Footsteps from within, identical to his own heart in sound and rhythm, but they remained clear of the door. Then he could hear the susurration of his mother's whispers, explaining to his father, but he didn't know what she was saying. Emma had in fact experienced misgivings about handing the boy over to his true father, and had not found the courage to mention the act to her husband. Kneeling now at his bedside, in her guilt, she lied and found relief, seeing her husband believe her tale, that Collymore himself had come unexpectedly that morning to reclaim the boy, and she dared not deny the fisherman's right to his own
flesh. In the darkness, she sensed her husband's sad acceptance of the act, and when his hand searched out hers in comfort for this loss of their adopted son, she herself was half convinced that her story was true, and nothing could be done to change its consequence; nothing would ever make it different. She resolved, patting Rupert's hand and replacing it on his chest, to let the child bawl himself out and then, with no attention paid him, he would readily find his way back to where he belonged. But, eh! what a scene he make, screaming so, walloping the door, and them dogs like baka brothers to him, joining in.

Meanwhile, the side shutters had burst open, and Cassius raced to them, roaring with hope, his sobbing intensified by the flare of hope through his body. There he stood below the sill, transfixed in anticipation, tongues of flame darting at the edge of his vision as he stared up at the pigtailed heads of his sisters, gazing down at him with interest. “Cashy,” the oldest whispered conspiratorially, “
bwoy
, you mek a row! Is you ahll right? What is fishenin like?

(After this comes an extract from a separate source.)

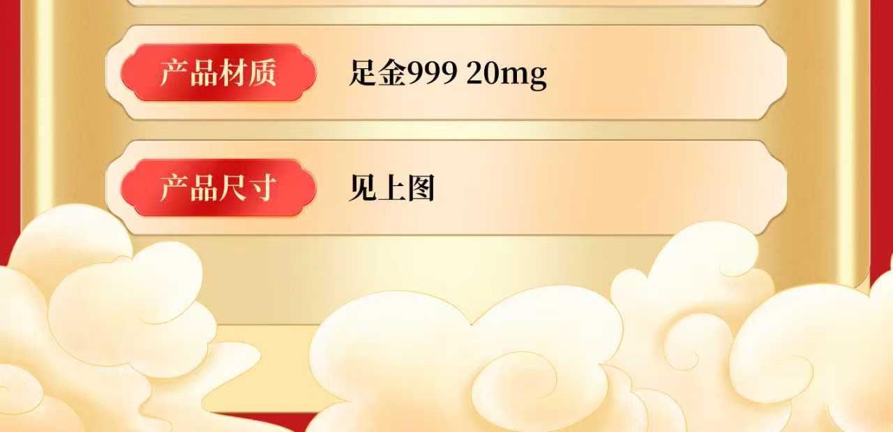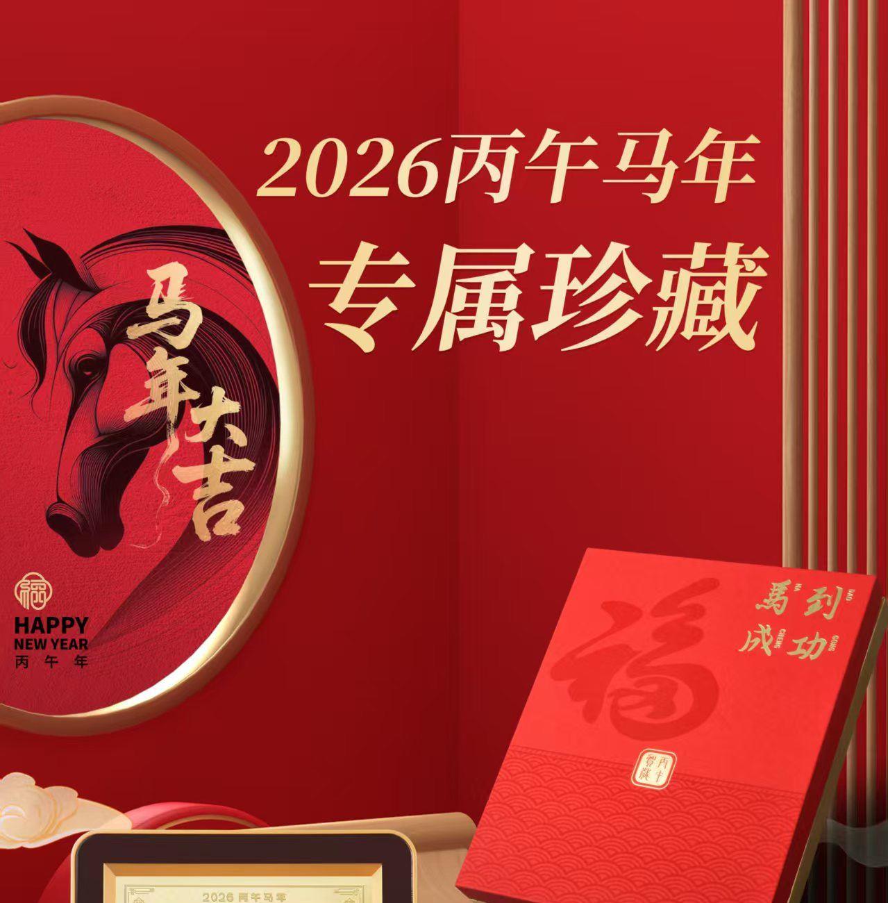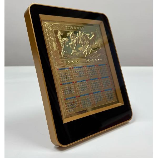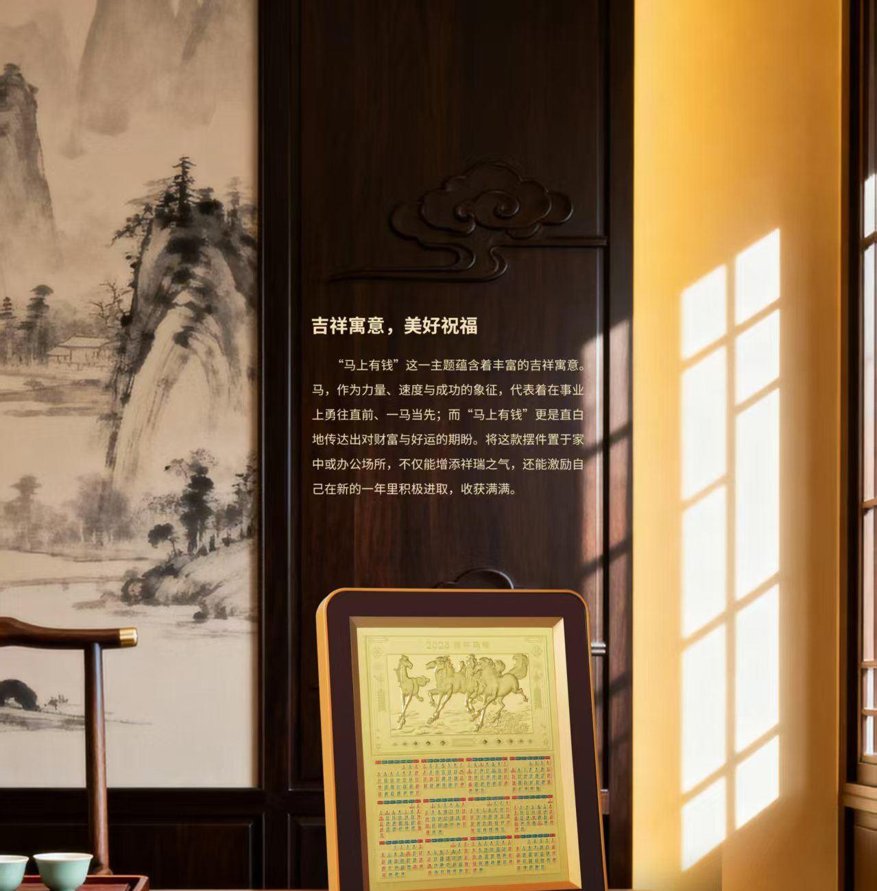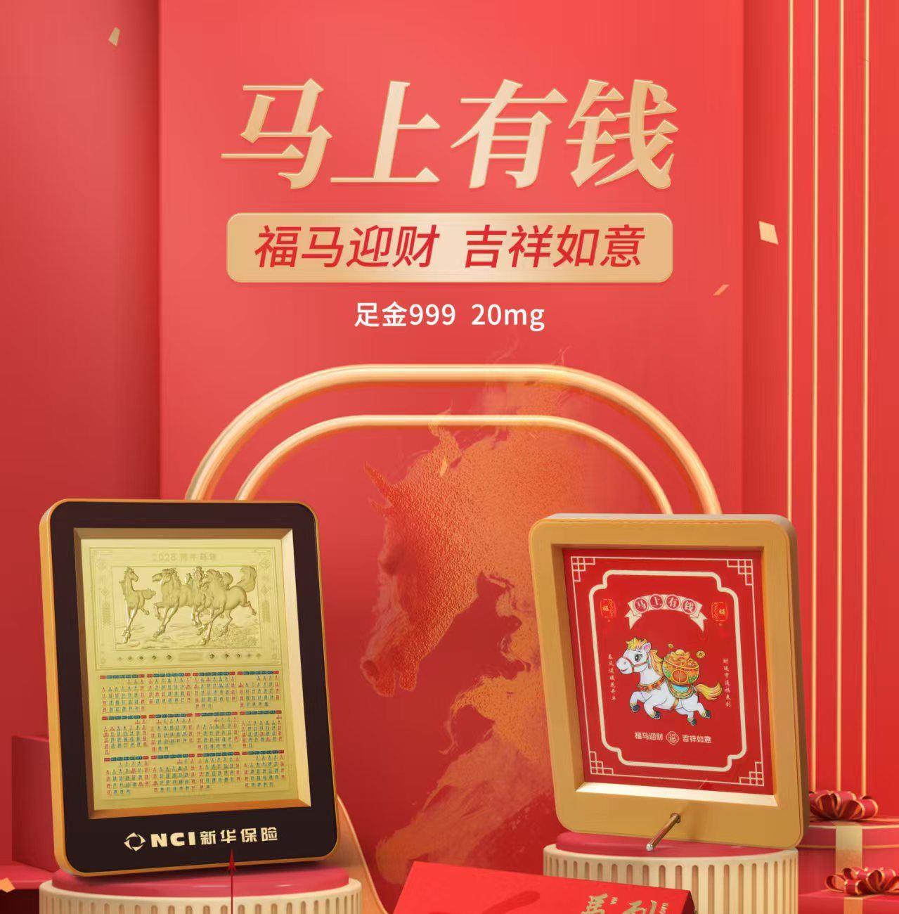 产品配置: 材质: 足金999 20mg 1.黄金台历×1个 2.检测证书×1张 3.精美礼盒×1个 包装尺寸:195*240*40mm 台历尺寸:180*226*18mm 50件起可免费定制 银行好礼,典藏之选 精选足金999,6匹奔腾骏马浮雕跃然其上,鬃毛猎猎,蹄踏祥云,寓意「马到成功,财源奔腾」。搭配2026丙午马年专属日历,佳节节气一目了然,兼具实用价值与艺术典藏性。

Did you reach St. Kate-side? Mommi does say—” They were sucked back into the darkness, vanished, replaced by his mother's plump forearms, drawing the shutters closed and, with them, his heart. He had not seen her face, and never would again. The dogs seemed to find significance in the latching of the shutters; they grew bold and chased the boy down the road, where the baka things waited, to harry him up Paley's Hill and—but he would not say or think it—home.